I could tell you but going through it again might kill me.

RoseWithoutAThorn · 23/10/2015 19:18

If you want to arrive at 9 and leave at 3 and have no stress at all?
Come to Bonnie Scotland

I have no idea where about in Scotland you teach, however this is certainly not the case in schools I have led, nor the dedicated teachers I know.

Leavingsosoon · 23/10/2015 19:19

Again that assumption that a dedicated teacher would never do something as crass as leave on time at the end of the day!

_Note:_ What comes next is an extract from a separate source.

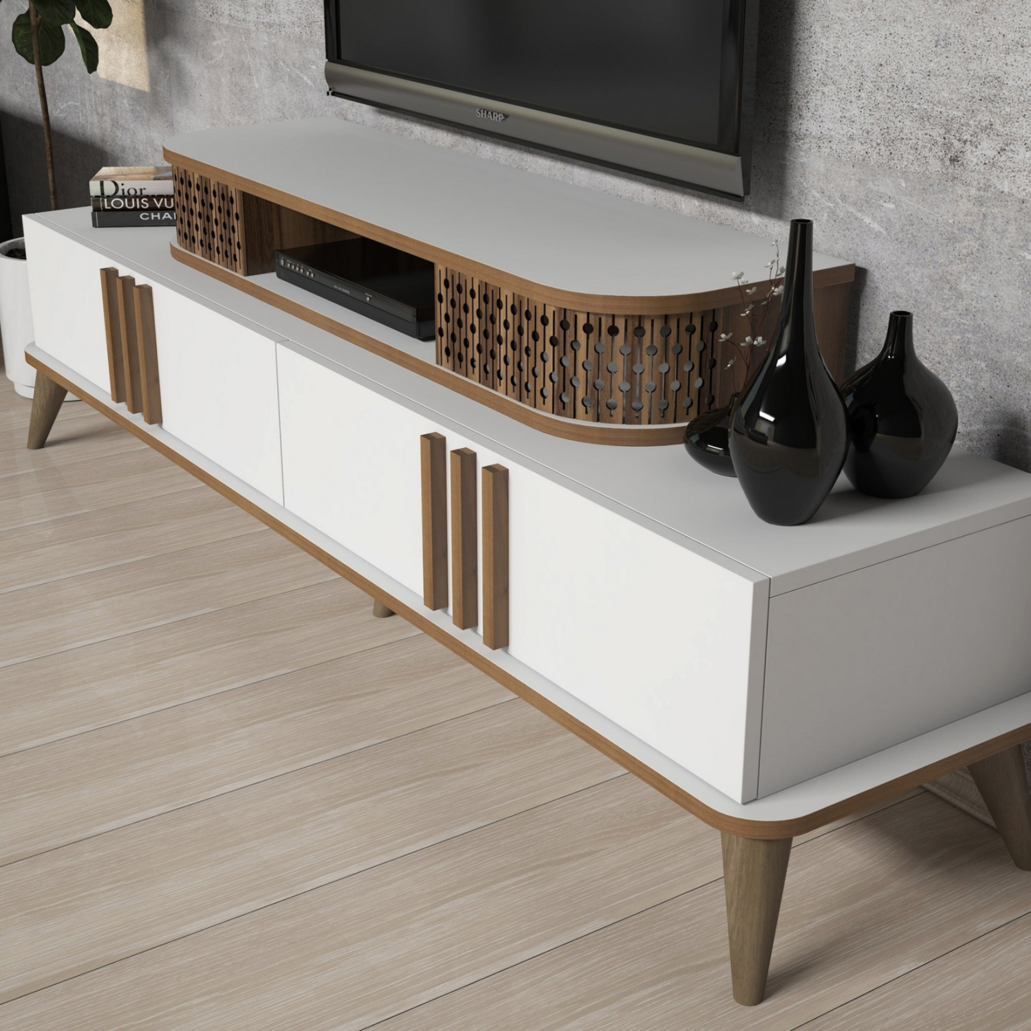 Το ΗΜ9515.03 είναι μια μοντέρνα και λειτουργική σύνθεση τηλεόρασης σε ΛΕΥΚΟ και ΚΑΡΥΔΙ χρώμα, που θα ομορφύνει το σαλόνι σας! Αποτελείται από το κυρίως έπιπλο δαπέδου το οποίο διαθέτει 2 ντουλάπια, καθώς και 1 μακρύ ράφι τοίχου. Η ιδιαιτερότητα αυτής της σύνθεσης είναι ένα επιπλέον μικρότερο ράφι επάνω στο κυρίως έπιπλο με ανοιχτό χώρο τοποθέτησης συσκευών και με όμορφο σκαλιστό σχέδιο. Πρόκειται για μια κομψή πρόταση για το σαλόνι σας.

queenoftheworld93 · 23/10/2015 19:19

It would take a very long time to explain (and probably make me feel like crap to think about it again). But basically the insane workload combined with an extremely limited number of weeks to meet and evidence the required standards. At the time of leaving, I was rated good in most standards and acceptable in the others. I was still improving. But the training provider told me I was letting the children down and that I couldn't be allowed to pass. After that, I had an awful week which pushed me to the point of leaving. At that stage, I was working 8-7 at school and 7-1 at home. All of this was treated as normal. I accept that I am a rare person in terms of training experience though. Most people do not leave! (40% on average do, though, before qualifying)

troubleatmillcock · 23/10/2015 19:20

My brother is a teacher and he lives for the holidays. Dreads Ofsted coming, scared the school will be placed under ‘special measures’ and everyone will have to re-apply for their jobs. Has to deal with various psychological/social issues that are really beyond his means.

The pay is crappy and there isn’t much respect given, either from students, staff or parents. More and more paperwork and legislation each year. Kids are disaffected and staff morale is low.

Mehitabel6 · 23/10/2015 19:22

My friend in Scotland is under just the same stress in primary. She now does 3 days a week and job shares.

Theimpossiblegirl · 23/10/2015 19:23

New initiative after new initiative, trendy buzzwords, triple marking, a collection of colour pens, planning for myself in far greater depth than I need, planning for TAs to teach groups when they are paid a pittance, accountability, capability, data, average no longer meaning average, good not being good enough, the list (like the workload) is absolutely endless.

And yet I am still hanging on in there, hoping for change before I burn out, because I still love working with children and I still love teaching.